What is Kuberhealthy?

Kuberhealthy lets you continuously verify that your applications and Kubernetes clusters are working as expected. By creating a custom resource (a KuberhealthyCheck) in your cluster, you can easily enable various synthetic tests and get Prometheus metrics for them.

Kuberhealthy comes with lots of useful checks already available to ensure the core functionality of Kubernetes, but checks can be used to test anything you like. We encourage you to write your own check container in any language to test your own applications. It really is quick and easy!

Kuberhealthy serves the status of all checks on a simple JSON status page, a Prometheus metrics endpoint (at /metrics), and supports InfluxDB metric forwarding for integration into your choice of alerting solution.

Installation

Deployment

Kuberhealthy requires Kubernetes 1.16 or above.

Using Plain Ole' YAML

If you just want the rendered default specs without Helm, you can use the static flat file or the static flat file for Prometheus or even the static flat file for Prometheus Operator.
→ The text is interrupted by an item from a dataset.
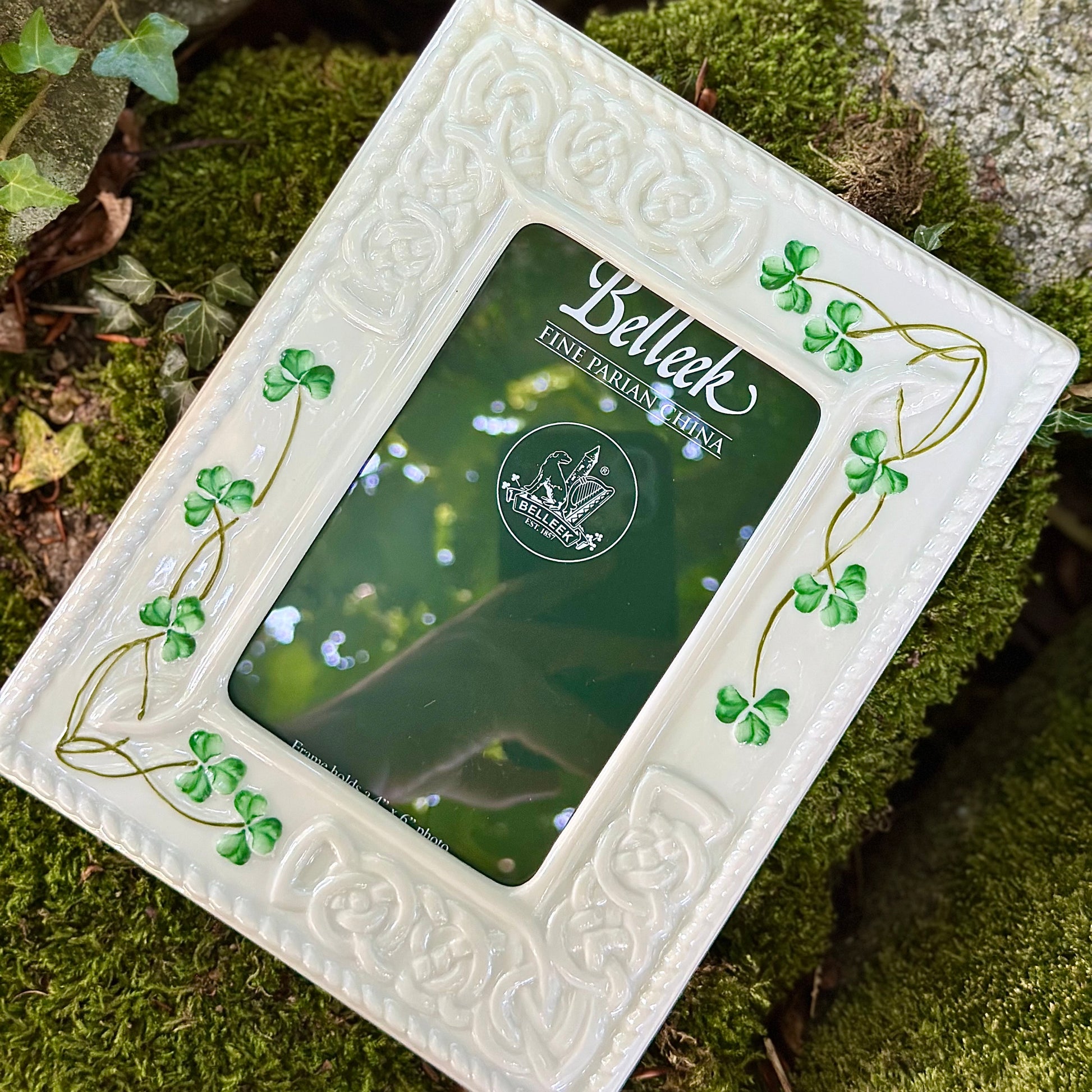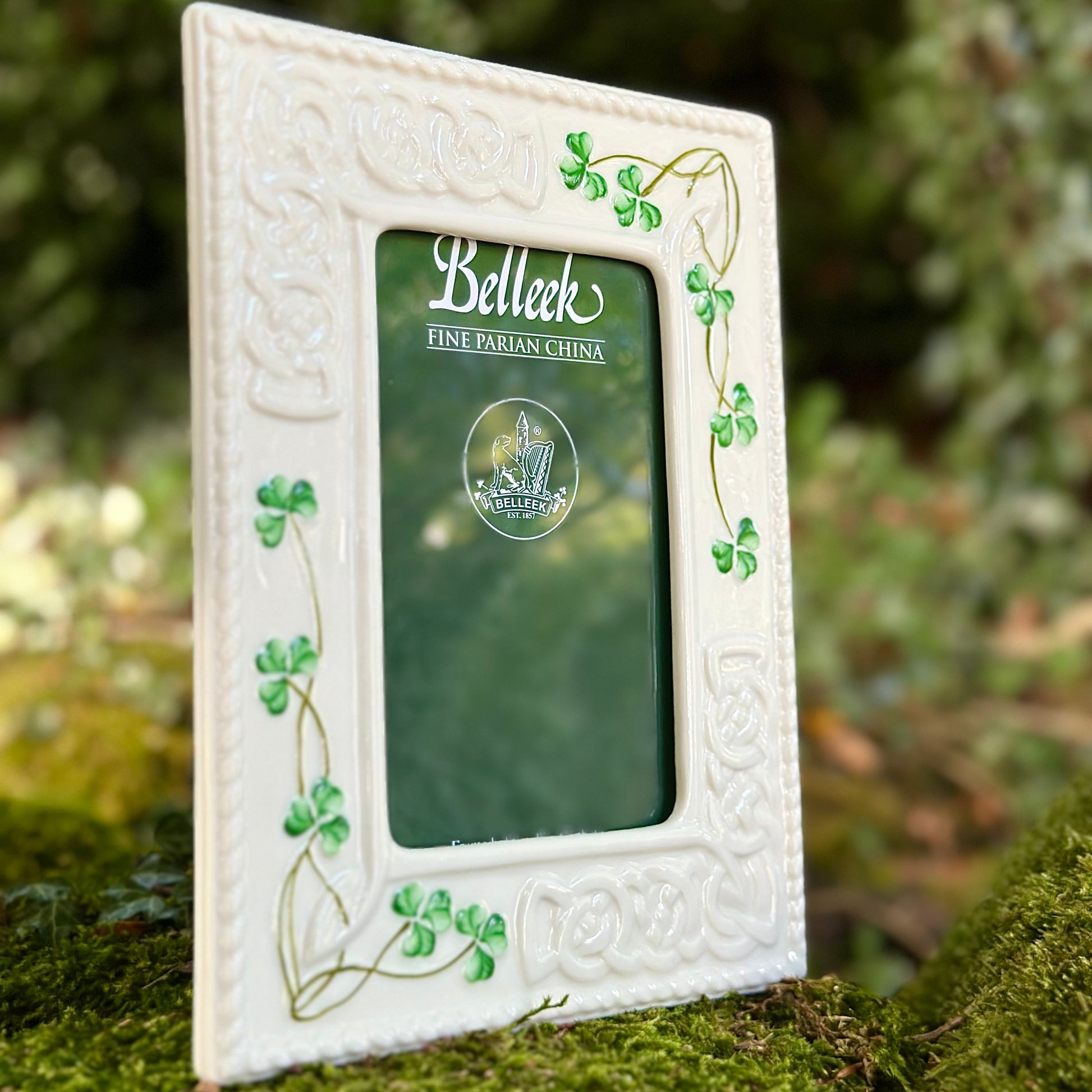 This beautifully designed Belleek photo frame is the perfect Irish gift for any occasion. Frame your memories inside the handcrafted porcelain of the Shamrock Frame. A gift from Ireland, made in Ireland.

Here are the one-line installation commands for those same specs:

# If you don't use Prometheus:
kubectl create namespace kuberhealthy
kubectl apply -f https://raw.githubusercontent.com/kuberhealthy/kuberhealthy/master/deploy/kuberhealthy.yaml

# If you use Prometheus, but not with Prometheus Operator:
kubectl create namespace kuberhealthy
kubectl apply -f https://raw.githubusercontent.com/kuberhealthy/kuberhealthy/master/deploy/kuberhealthy-prometheus.yaml

# If you use Prometheus Operator:
kubectl create namespace kuberhealthy
kubectl apply -f https://raw.githubusercontent.com/kuberhealthy/kuberhealthy/master/deploy/kuberhealthy-prometheus-operator.yaml

Using Helm

kubectl create namespace kuberhealthy
helm repo add kuberhealthy https://kuberhealthy.github.io/kuberhealthy/helm-repos
helm install -n kuberhealthy kuberhealthy kuberhealthy/kuberhealthy

If you have Prometheus

helm install --set prometheus.enabled=true -n kuberhealthy kuberhealthy kuberhealthy/kuberhealthy

If you have Prometheus via Prometheus Operator:

helm install --set prometheus.enabled=true --set prometheus.serviceMonitor.enabled=true -n kuberhealthy kuberhealthy kuberhealthy/kuberhealthy

Configure Service

After installation, Kuberhealthy will only be available from within the cluster (Type: ClusterIP) at the service URL kuberhealthy.kuberhealthy. To expose Kuberhealthy to clients outside of the cluster, you must edit the service kuberhealthy and set Type: LoadBalancer or otherwise expose the service yourself.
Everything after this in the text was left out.